Friday, December 11, 2009

Getting Naked

[In the beginning....]
Today I was in the shower thinking about the meaning of it all. I used to think about stuff like that more when I was younger but I gave it up because it always led to the same set of conclusions - that underneath appearances, things are really patterns and processes. But now I am starting to think about those kinds of things again.

It occurred to me once that the Big Bang means that everything has a common origin, that everything that happens is a common process. That the universe is all one big thing, not a bunch of smaller things. It means that only one big thing is happening, not a bunch of smaller things.
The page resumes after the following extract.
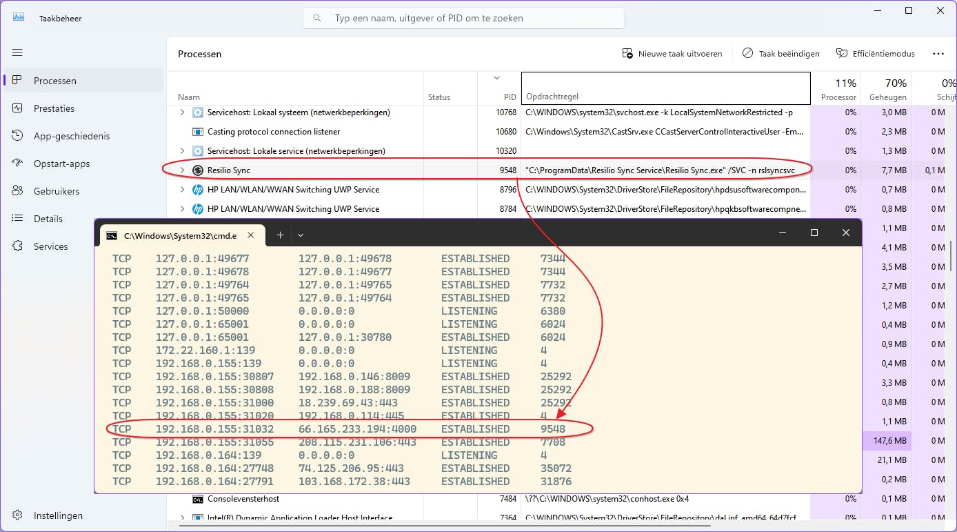 Het Taakbeheer vertelt je welke proces achter een bepaalde netwerkverbinding schuilt.

Or at least that that is one legitimate way to look at it. In our tiny part of it, all life has common ancestors. All living things are cousins.

And our individual lives are not just patterns and processes, in modern parlance they are programs running on the matter of our bodies. Death is when the matter reboots and the program and data ones and zeroes are simultaneously set to all zeroes. Where we go after death is where that email message you worked on writing for an hour goes when your pc crashes. We don't go anywhere. Like your email message, we just aren't there any more.
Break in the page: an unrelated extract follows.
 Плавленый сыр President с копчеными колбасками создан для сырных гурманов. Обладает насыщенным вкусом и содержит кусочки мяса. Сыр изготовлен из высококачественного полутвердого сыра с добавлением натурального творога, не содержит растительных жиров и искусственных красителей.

And at last, in the shower I understood a passage in Spinoza that had gone over my head when I read it. I had thought that Hashem is the universe, the entirety of everything that is, and everything that has ever happened, and the entirely of everything that ever will happen. The short expression for that is the whole space-time continuum from the Big Bang until the end of time. In scientific terms, it is the synclastic infidibulum, or SI.

But I never much liked that formulation because it is both materialist and pantheist. Those are both deadend philosophies and unsatisfying because they don't help one understand things any better than one already does. They don't lead anywhere.

Spinoza described that Everything that ever was, is, or ever will be, as the face of G_d. But that face he said, was only a part of the whole, the way a surface is only an aspect of a solid object.

So what the hell is the rest? What is Hashem? In the shower it occurred to me that the entirety of all that ever was, is, or will be - the SI - is what is or can be known by human beings. And the rest, presumably vastly more, is the unknowable. The sum of the knowable and unknowable is Hashem.

What is peculiar about this definition is that it depends in part on human beings. The boundary between the two realms within Hashem is set by human intelligence and by human history. We can only know what we can understand with our intelligence. And we can only know what we have found out so far in our history.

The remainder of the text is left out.